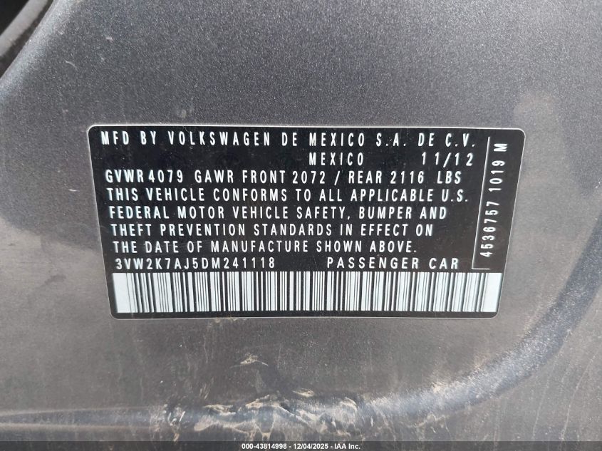 2013 VOLKSWAGEN JETTA 2013 року Бензин, 2.0, Передний привод, vin - 3VW2K7AJ5DM241118 из США
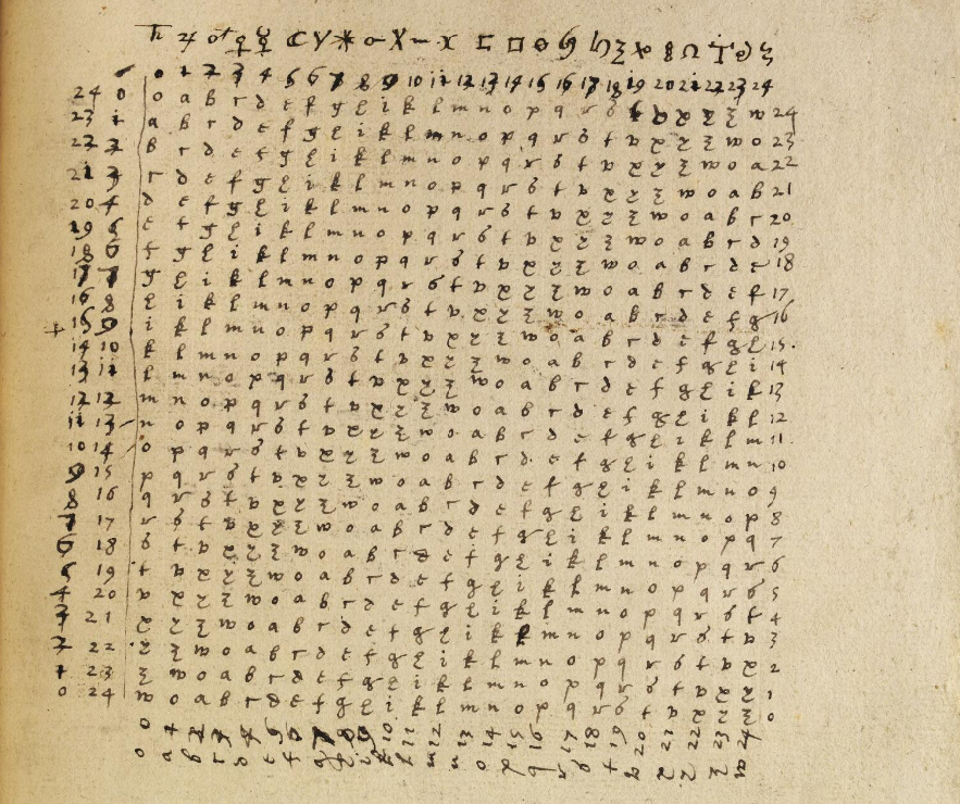 스테가노그래피는 중세 및 근대에도 다양한 방식으로 발전했다. 요하네스 트리테미우스는 그의 저서 ''폴리그라피아''에서 정보를 신에 대한 라틴어 찬양문에 숨길 수 있는 "아베-마리아-암호"를 개발했다. 예를 들어, "''Auctor Sapientissimus Conseruans Angelica Deferat Nobis Charitas Potentissimi Creatoris''"에는 숨겨진 단어 ''VICIPEDIA''가 들어 있다.[5]
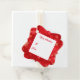 This Christmas gift tag is shown with a festive holiday red and gold snowflakes print.
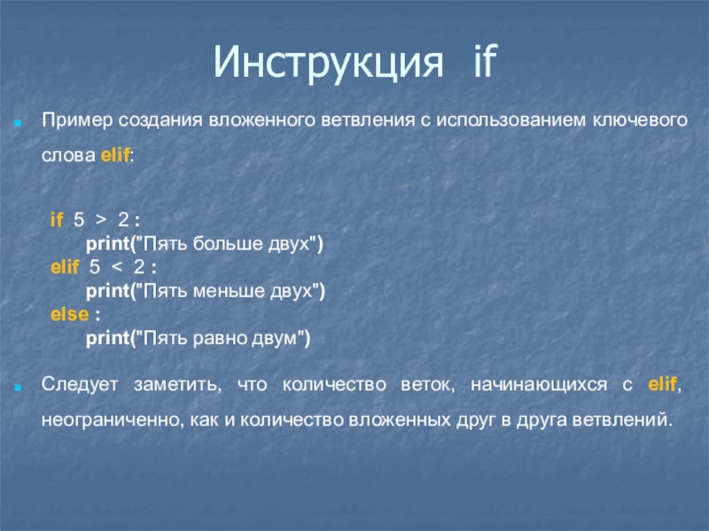 Следует заметить, что количество веток, начинающихся с elif, неограниченно, как и количество вложенных друг в друга ветвлений.
····················
_Task brief_. Only an exact copy of the lines from the one with "스테가노그래피는 중세 및" through the last line of the listing should be given; pictures must not be included.

_Output for this exercise_.
 스테가노그래피는 중세 및 근대에도 다양한 방식으로 발전했다. 요하네스 트리테미우스는 그의 저서 ''폴리그라피아''에서 정보를 신에 대한 라틴어 찬양문에 숨길 수 있는 "아베-마리아-암호"를 개발했다. 예를 들어, "''Auctor Sapientissimus Conseruans Angelica Deferat Nobis Charitas Potentissimi Creatoris''"에는 숨겨진 단어 ''VICIPEDIA''가 들어 있다.[5]
 This Christmas gift tag is shown with a festive holiday red and gold snowflakes print.
 Следует заметить, что количество веток, начинающихся с elif, неограниченно, как и количество вложенных друг в друга ветвлений.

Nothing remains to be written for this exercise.